● What to produce: Using the data below, restate exactly every line from the one with "중장년 내일센터는 만" up to and including the one with "Según Anfac, Pasajes". No picture belongs in it.
Segment Start: Provided material
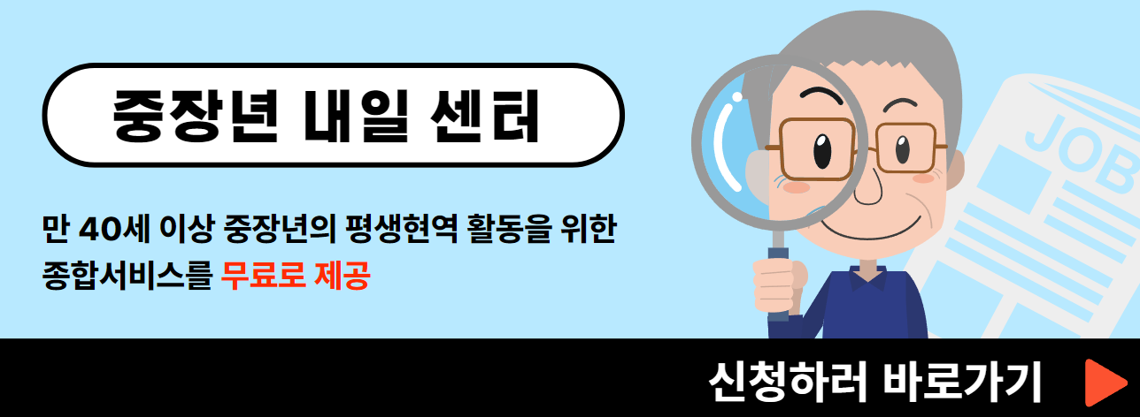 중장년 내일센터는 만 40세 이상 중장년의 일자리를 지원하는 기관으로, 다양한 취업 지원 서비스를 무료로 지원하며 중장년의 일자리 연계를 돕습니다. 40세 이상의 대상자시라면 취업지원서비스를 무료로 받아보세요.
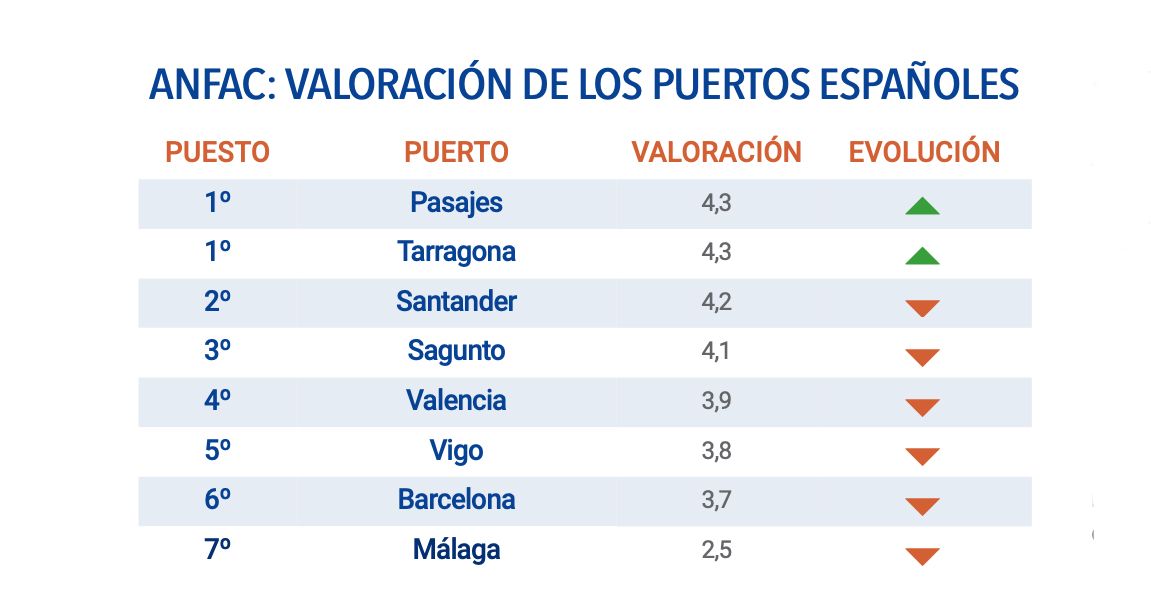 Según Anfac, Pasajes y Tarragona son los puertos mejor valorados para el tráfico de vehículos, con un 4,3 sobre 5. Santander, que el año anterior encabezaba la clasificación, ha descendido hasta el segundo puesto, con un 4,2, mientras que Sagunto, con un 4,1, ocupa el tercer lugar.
Segment End: Provided material
Segment Start: Provided material
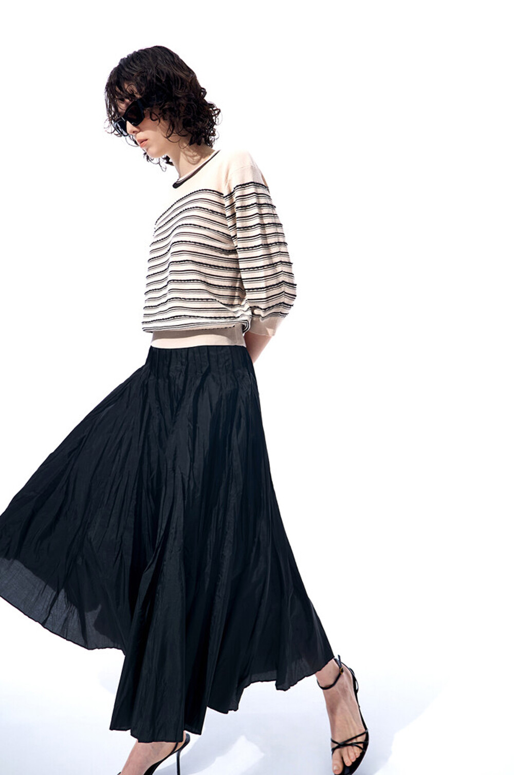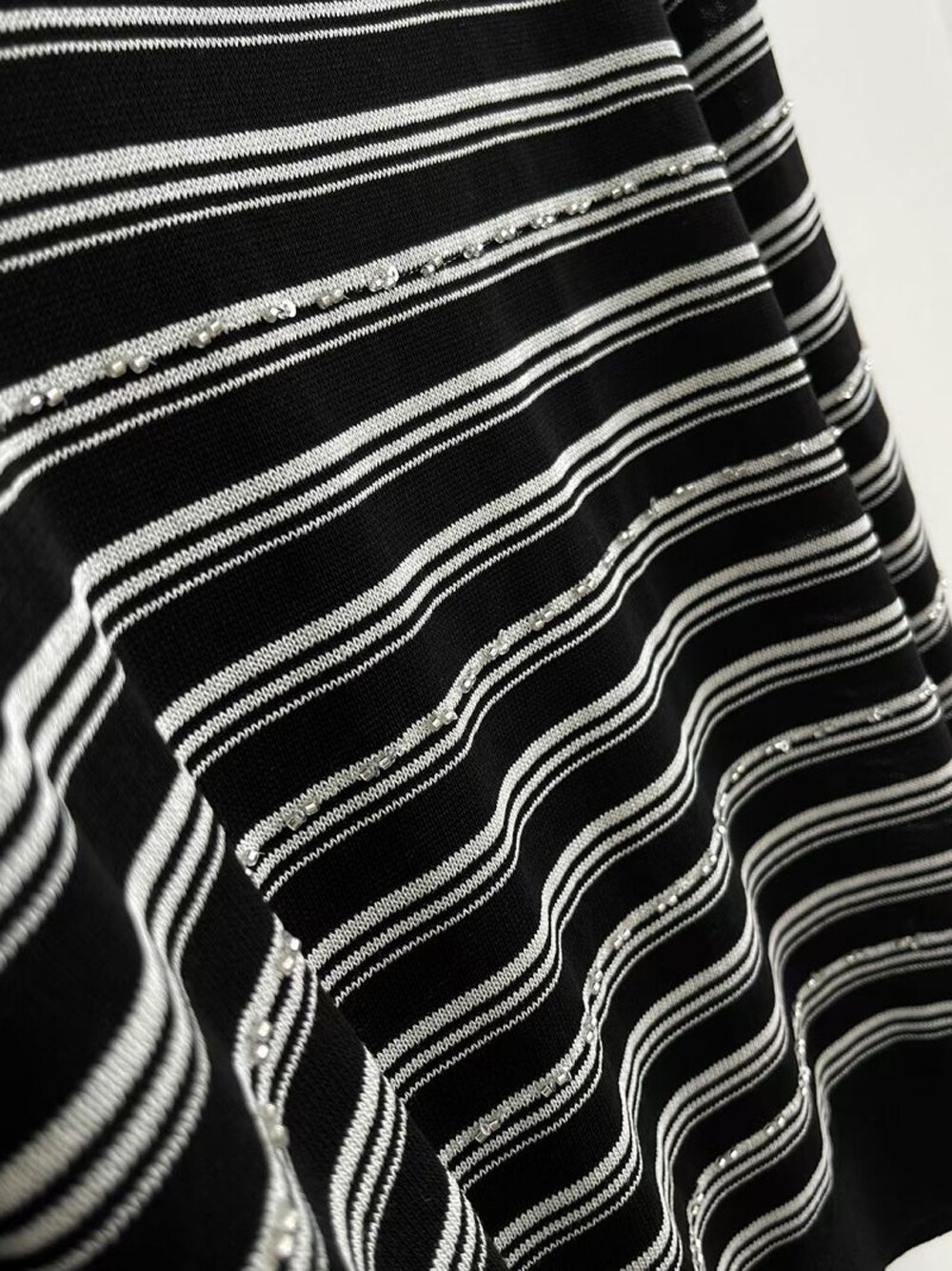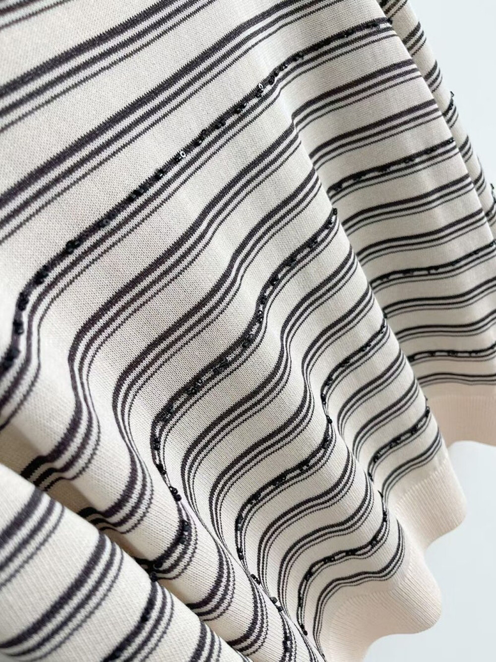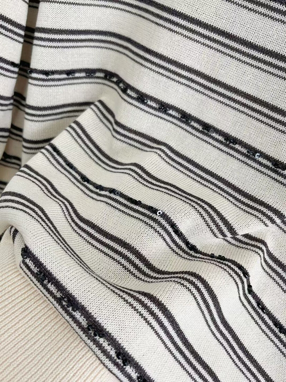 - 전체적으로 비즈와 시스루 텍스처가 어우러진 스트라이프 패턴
Segment End: Provided material
● Output:
 중장년 내일센터는 만 40세 이상 중장년의 일자리를 지원하는 기관으로, 다양한 취업 지원 서비스를 무료로 지원하며 중장년의 일자리 연계를 돕습니다. 40세 이상의 대상자시라면 취업지원서비스를 무료로 받아보세요.
 Según Anfac, Pasajes y Tarragona son los puertos mejor valorados para el tráfico de vehículos, con un 4,3 sobre 5. Santander, que el año anterior encabezaba la clasificación, ha descendido hasta el segundo puesto, con un 4,2, mientras que Sagunto, con un 4,1, ocupa el tercer lugar.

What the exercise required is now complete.